■ Supplied information:
========================

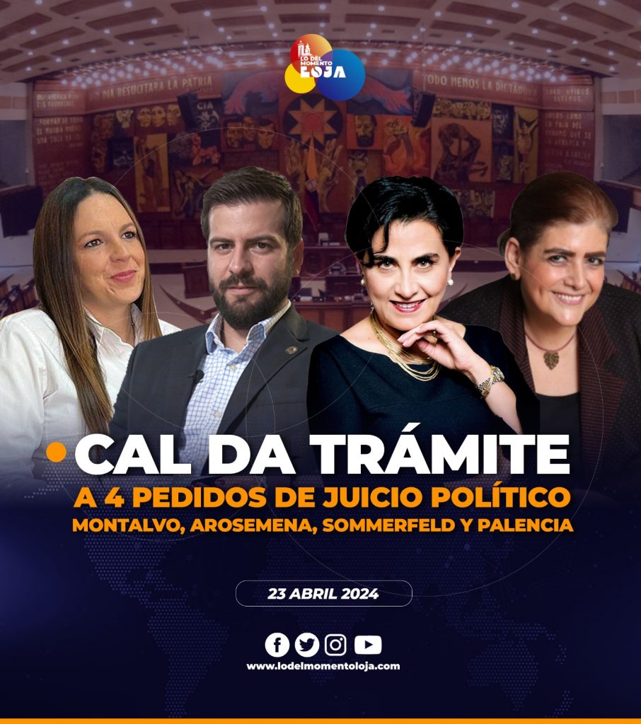 ✅👨🏻⚖️🗣️ ¡Tienen luz verde! El Consejo de Administración Legislativa (CAL), de la Asamblea Nacional, calificó a trámite cuatro pedidos de juicios políticos contra dos funcionarias del gobierno de Daniel Noboa y dos exfuncionarios de Guillermo Lasso. Los pedidos son en contra de: Mónica Palencia, ministra del Interior y Gabriela Sommerfeld, Canciller de la República, por el presunto incumplimiento de funciones, mientras que Pablo Arosemena, exministro de Economía y Finanzas; y, Andrea Montalvo, exsecretaria de Educación Superior por pedido de censura.
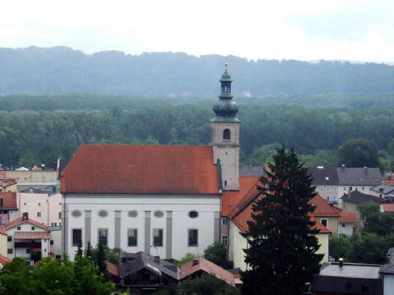 Depuis les hauteurs (qui font penser aux promenades que le futur Benoît XVI faisait avec sa mère, son frère et sa soeur), on a une vue magnifique sur la Salzach, et l'Autriche toute proche.
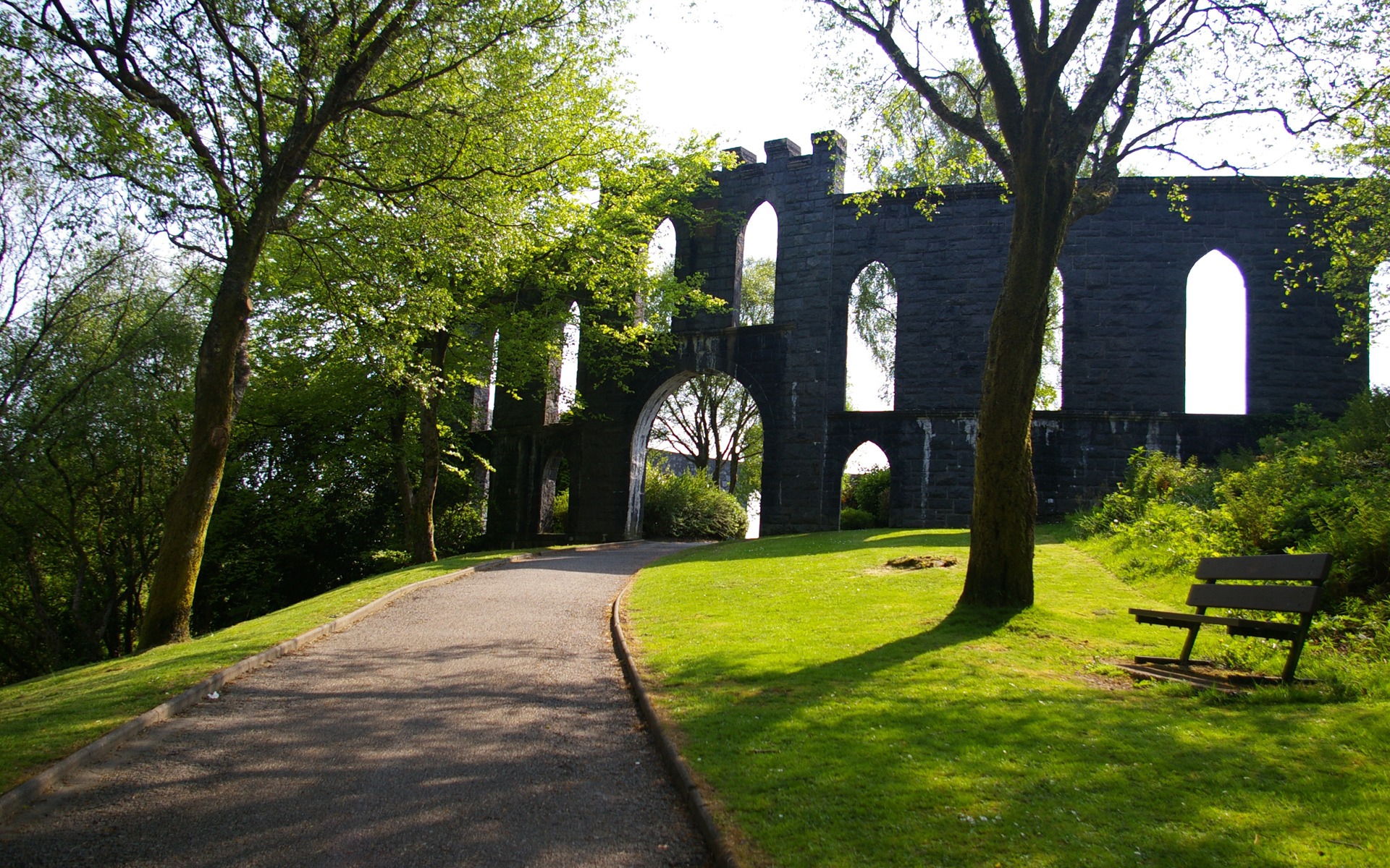 Description: A bench sitting on a lush green park next to a tall building with arched windows and arched arches on the side.

========================

■ Description of the task: With the pictures omitted, the material is to be transcribed exactly.

■ Worked solution:
 ✅👨🏻⚖️🗣️ ¡Tienen luz verde! El Consejo de Administración Legislativa (CAL), de la Asamblea Nacional, calificó a trámite cuatro pedidos de juicios políticos contra dos funcionarias del gobierno de Daniel Noboa y dos exfuncionarios de Guillermo Lasso. Los pedidos son en contra de: Mónica Palencia, ministra del Interior y Gabriela Sommerfeld, Canciller de la República, por el presunto incumplimiento de funciones, mientras que Pablo Arosemena, exministro de Economía y Finanzas; y, Andrea Montalvo, exsecretaria de Educación Superior por pedido de censura.
 Depuis les hauteurs (qui font penser aux promenades que le futur Benoît XVI faisait avec sa mère, son frère et sa soeur), on a une vue magnifique sur la Salzach, et l'Autriche toute proche.
 Description: A bench sitting on a lush green park next to a tall building with arched windows and arched arches on the side.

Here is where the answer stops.